In view of what we have already said it is obvious that the Industrial Commission erred in its decision and award, and that the circuit court committed reversible error in entering the order and judgment now the subject of this review, and that a further hearing of this matter by the commission will be necessary.
We will now briefly pass upon the errors assigned upon the record here in order to prevent a recurrence of them upon the rehearing of this cause by the commission.
First: As to the petitioner's period of temporary total incapacity, the arbitrator found it was 44 3/7 weeks; the commission on review found it to be 51 weeks; and the circuit court on certiorari made no finding whatever on that issue.
It is evident that the period from the date of injury, February 1, 1951, and the date petitioner returned to work, December 10, 1951, is 44 3/7 weeks. The calendar seems to settle that issue definitely.
Second: At the hearing on review before the commission respondent's exhibits 1, 2 and 3 were admitted in evidence by stipulation upon conditions not material to this discussion. Together, they purported to show the hours worked by petitioner from April 6, 1952, to the week ending on October 12, 1952, and the wages earned by him from the week ending on May 4, 1952, to the week ending on October 12, 1952. Criticism of petitioner to the form of these exhibits seems to have been corrected by an itemization of these exhibits attached to respondent's reply brief, as an appendix.
It will be noted that the period of time involved in these exhibits is that between the hearing before the arbitrator and the hearing before the commission on review, something over five months. The time involved from the date petitioner returned to work and the date of the arbitrator's hearing was 17 4/7 weeks, to which period, of necessity, the arbitrator was limited.
There is no doubt that the commission considered the evidence shown by said exhibits, nor is there any doubt that the circuit court on certiorari absolutely refused to consider and give effect to this evidence; and in so refusing the circuit court committed reversible error. The rule is that in such a case the proof must be of actual earnings of the employee for a substantial period before the accident and for a substantial period after the accident to form a basis for the determination of the arbitrator and the commission on review as to the difference in earning capacity. Chicago Park Dist. v. Industrial Com. 372 Ill. 428, 432.
In the instant case we can see nothing unjust in requiring that consideration and effect be given to all competent evidence offered and received, bearing upon the question of reduced earning capacity or of lack of it for any period after return to work up to the date of hearing by the commission no matter who may be favored or not by such evidence.

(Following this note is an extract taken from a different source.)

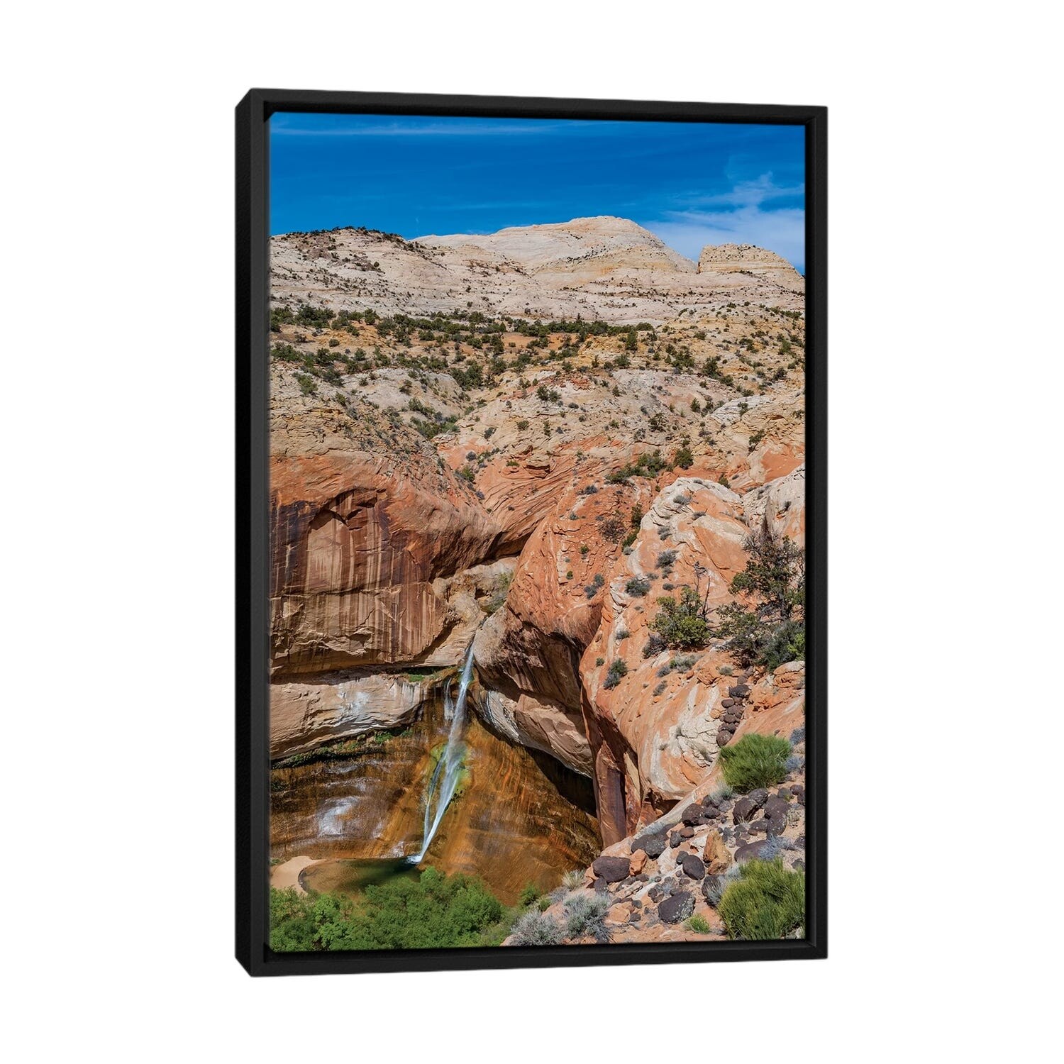 iCanvas "Waterfall In Desert, Calf Creek Falls, Grand Staircase-Escalante National Monument" by Jeff Foott Framed Canvas Print

Third: As heretofore stated, the commission in its award included an allowance of $17.19 per week for 20 weeks for "partial" incapacity, in addition to its award of $4.75 per week for 346 3/7 weeks for "permanent" partial incapacity. We can find no authority in section 8(d) or elsewhere which warrants "splitting" an award thereunder in that manner, and in doing so the commission erred. If, however, under the facts, the sum total reached in that manner represented a loss or reduction in earning capacity effect should be given to that result within the finding of permanent partial incapacity.
For the foregoing reasons, the order and judgment of the circuit court will be reversed and the cause remanded to that court, with directions to remand the same to the Industrial Commission to take such additional evidence as the parties hereto may desire to offer and to enter a decision and award in accordance with the views herein expressed.
Reversed and remanded, with directions.